Marianne North generally travelled unaccompanied, an extraordinary feat for a Victorian lady, only occasionally using letters of introduction to enable her to stay with the associates of those she met on her travels. Between 1871 and 1879, she visited Canada, the United States, Jamaica, Brazil, Japan, Sarawak, Singapore, Java, Sri Lanka and India. In 1880, Marianne met Charles Darwin, whom she regarded as the greatest man living, the most truthful as well as the most unselfish and modest'. On his suggestions, she set off on a further voyage, this time encompassing Australia and New Zealand. In 1882 she visited Africa, the final continent left unrepresented in her work
© The Board of Trustees of the Royal Botanic Gardens, Kew

Robert Fortune
Robert Fortune (1812-1880) born in Berwickshire, Scotland, was a botanist and plant-hunter best known for smuggling tea plants out of China at the behest of the East India Company.
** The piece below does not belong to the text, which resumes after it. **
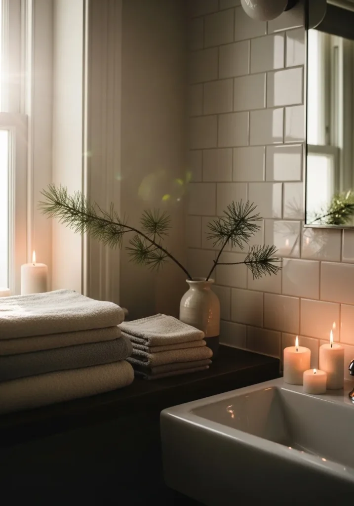 This minimalist bathroom captures the quiet beauty of Christmas in the simplest way possible. Clean white tiles, soft folded towels, and the gentle flicker of candles set a spa-like mood that feels instantly grounding. A single pine branch in a cream ceramic vase brings in just the right amount of seasonal charm without overwhelming the calm palette. The natural light streaming through the window reflects off the glossy tiles, creating a warm, serene space that feels both festive and soothing.

Following the Treaty of Nanjing in 1842, Fortune was awarded the position of the Society's Collector in China, visiting the region on four occasions, remaining there for two or three years each time. In 1846, he published his journals as Three Years Wanderings in the Northern Provinces of China'. In 1848, he was tasked by the East India Company with collecting tea plants to establish plantations in India, breaking the Chinese monopoly. Disguising himself as a Chinese merchant, he travelled to the remote Fujian, Guangdong, and Jiangsu provinces, regions rarely explored by Westerners, beyond the permissible day's journey from the agreed European treaty ports. The ruling Chinese government had outlawed the purchase of tea plants, but Fortune was able to coordinate the shipment of more than 20, 000 plants and seedlings, in Wardian cases, to the Himalayas, effectively initiating the tea industry in India
© RBG KEW

The Kew Gardens Question
The Kew Gardens Question. This political cartoon was published in 1878 as part of the ongoing debate as to whether the public should be allowed into the gardens in the mornings, before 1pm. Officially, only botanist and botanical artists were allowed morning access, with the Director's permission. The Kew Gardens Public Rights Defence Association was set up and successfully campaigned against this. The author of the article accompanying this cartoon smuggled himself into a morning session at the Gardens and claimed that those eminent botanists inside were mostly fast asleep in garden chairs and other gentlemen were "engaged in testing the effects of cigar smoke on open-air evergreens."